In the intestinal tissues of inoculated ferrets, mild lesions were observed. Based on qRT-PCR results indicating positive viral detection and high viral RNA copy numbers at 10 dpi, we selected intestinal samples for H&E staining. Although inflammatory cell infiltration in the lamina propria and mucosa, as well as degeneration of mucosal epithelial cells, were noted in the duodenum, jejunum, and colon of the inoculated group. However, there were no signs of significant intestinal lesions, such as reduced, atrophied, or shortened intestinal villi. Additionally, the rectum showed no evident damage. Notably, these findings are consistent with the absence of diarrhea in the inoculated ferrets (Figure 6).

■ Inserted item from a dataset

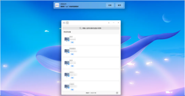 2、点击“连接”图标,对端会收到一条系统通知,点击接受即可完成两台设备的协同连接。

3.5. Sequencing of S Gene Amplified From Inoculated Ferrets

Samples of heart, liver, spleen, lung, kidney, jejunum, ileum, colon, rectum, and anal swabs were collected from ferrets that tested positive for PDCoV at 10 dpi. These samples were utilized to amplify the S gene of PDCoV using targeted primers, aiming to assess whether any mutations had arisen during the experimental procedures. Subsequent sequencing of the amplified gene and its comparison with the original strain’s sequence demonstrated that the S gene sequence from the ferret samples was identical to that of CHN-GD-2016. The sequencing data indicated that the S gene comprised 3480 nucleotides, encoding a protein consisting of 1160 amino acids. Alignment of the sequences revealed no mutations in the S gene of PDCoV throughout the experiment, suggesting that viral passage in ferrets did not induce any alterations in the virus’s S gene (File S1).